Разумеется, Нью-Йорк был на моей стороне. Меня снова и снова заверяли, публично и наедине, что графиня де Пасси теперь persona non grata и нигде не будет принята, когда наконец соизволит объявиться. Ничего другого я и не ожидала. Даже теперь, во времена до нелепости заниженных социальных норм и великой терпимости, мало кто рискнет первым пригласить в дом «женщину с клеймом», особенно в свете того, что я так недавно овдовела. Я ни словом не обмолвилась о том, что считаю Монику убийцей Люциуса, понимая, что столь серьезное, но голословное обвинение в лучшем случае подпортит мне репутацию, а в худшем – подорвет веру в мое здравомыслие.

Что касается завещания, Нейт отправил меня к особе по имени Патриция Маккласки, адвокату по профессии, известной своей бульдожьей хваткой. Я позвонила ей в Сагапонак, в летний домик, и вкратце обрисовала суть дела. У Патриции был низкий прокуренный голос с едва заметным бруклинским акцентом. Она выслушала меня внимательно, повторяя «та-ак… та-ак…», словно записывала каждое слово.

Поскольку в преддверии скорой разлуки с поместьем я почти все время проводила в Саутгемптоне, миссис Маккласки предложила не ждать возвращения в Нью-Йорк, а встретиться прямо у нее. И вот пасмурным днем в конце октября я затормозила перед ее домом на Бридж-лейн. На заднем сиденье, в папке, лежали документы, которыми меня снабдил Нейт Натаниель.

Дом миссис Маккласки вызывал ассоциации с симпатичной солонкой – светлый, под темно-серой черепичной крышечкой – и стоял на просторной лужайке, некогда служившей картофельным полем. Теперь эту безупречно ровную плоскость украшало несколько молодых деревьев. Повернув к дому, я заметила на крыльце женщину. Она высаживала в горшок какую-то зелень, но при виде меня вытерла руки о клетчатый фартук, помахала в знак приветствия и поднялась с колен.

– Патриция Маккласки, – представилась женщина.

По внешнему виду миссис Маккласки трудно было поверить, что она «адвокат с бульдожьей хваткой». Я представляла ее высокой и сухой, подобранной дамой, а передо мной стояла обычная женщина в косынке, воплощенная домохозяйка. Но рукопожатие у нее было крепкое, и глаза смотрели живо.

– Сюда, миссис Слейтер.

Она провела меня в гостиную, просторную и светлую, с дощатым полом, покрытым яркими дорожками, и мебелью больше удобной, чем стильной.

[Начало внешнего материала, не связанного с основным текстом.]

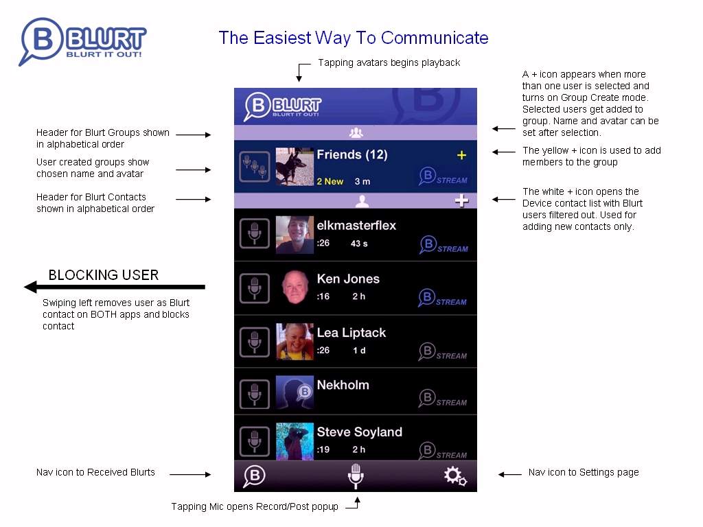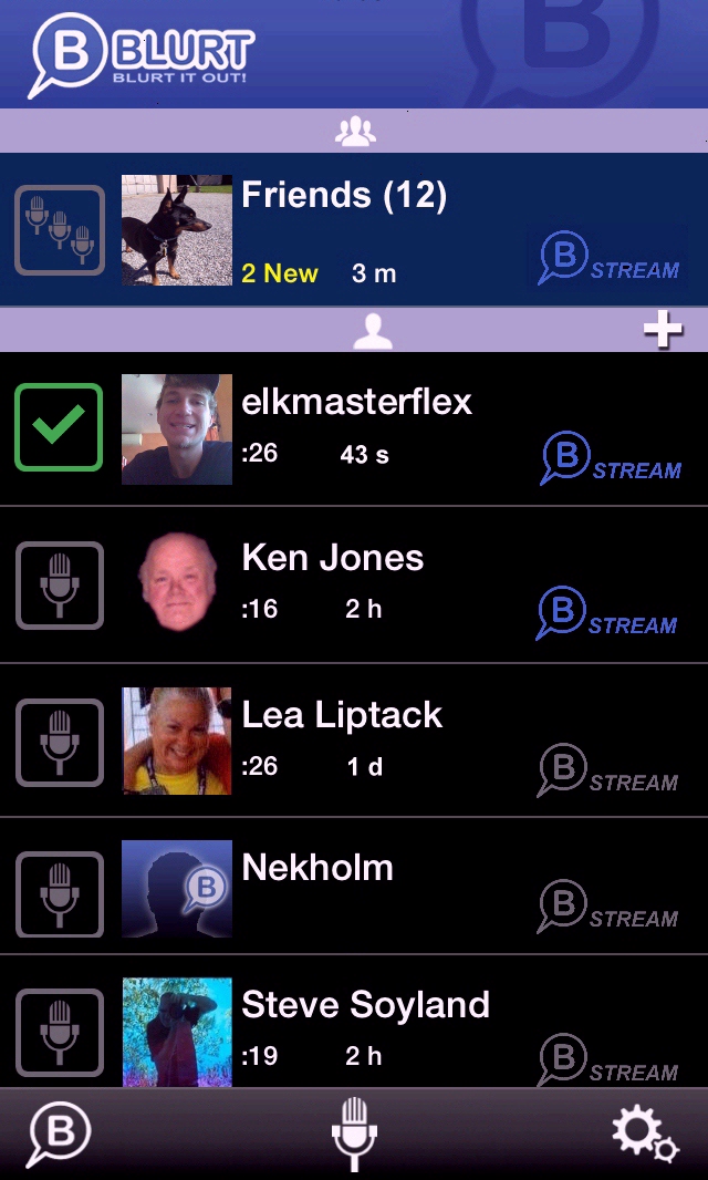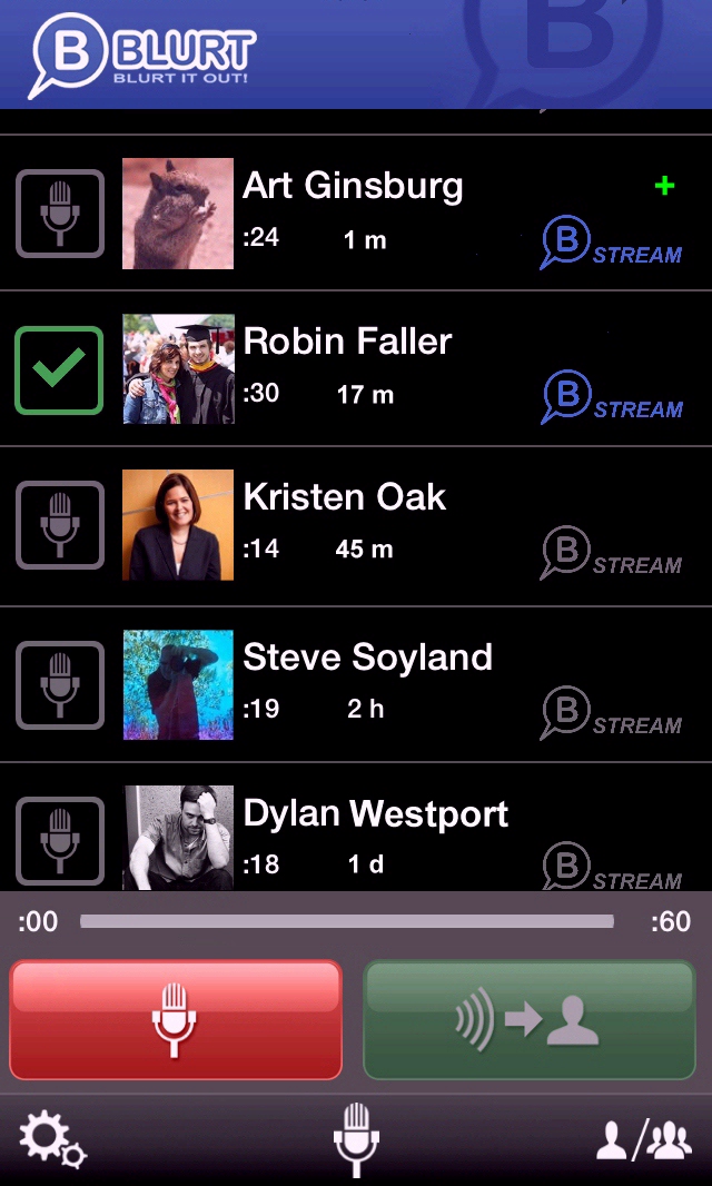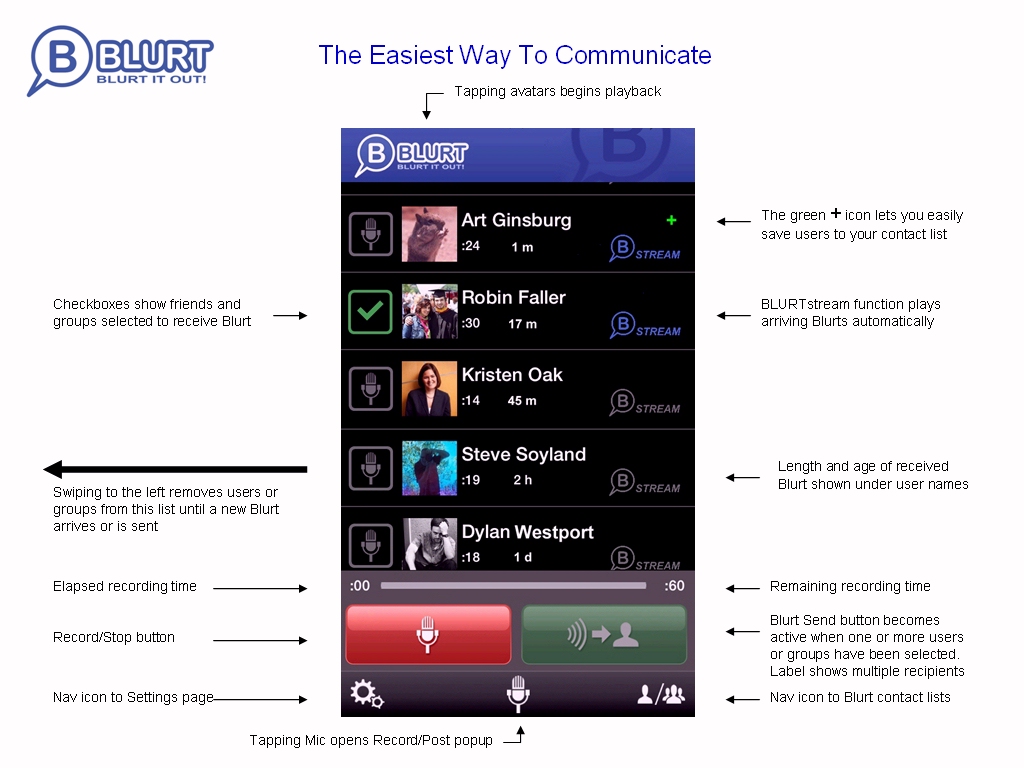 The unique “BLURTstream” feature plays your incoming messages automatically as they arrive. Be part of a group conversation just by listening.

Стены украшало несколько очень приличных картин с изображением местного ландшафта. Из проигрывателя неслась громкая оперная музыка.

– «Дон Джованни»! – вырвалось у меня. – Люблю эту вещь.

– Я ставлю ее, чтобы не забывать, какое дерьмо – мужчины, – заметила миссис Маккласки, убавляя звук.

Она указала на диван и налила нам обеим кофе из огромного термоса.

– Ну а теперь посмотрим, с чем мы имеем дело.

Я передала ей папку с копиями брачного договора и завещания Люциуса. Стоило миссис Маккласки посмотреть на бумаги, как лицо ее разительно переменилось, обрело деловой, сосредоточенный вид.

– Ничего, если я закурю? – спросила я (после долгих лет воздержания я снова вернулась к прежней привычке).

– Можете пускать дым прямо мне в лицо, – ответила она, не глядя подталкивая ко мне пепельницу.

Закурив, я молча следила за тем, как миссис Маккласки изучает документы. Наконец она отложила их, откинулась в кресле и погрузилась в раздумье.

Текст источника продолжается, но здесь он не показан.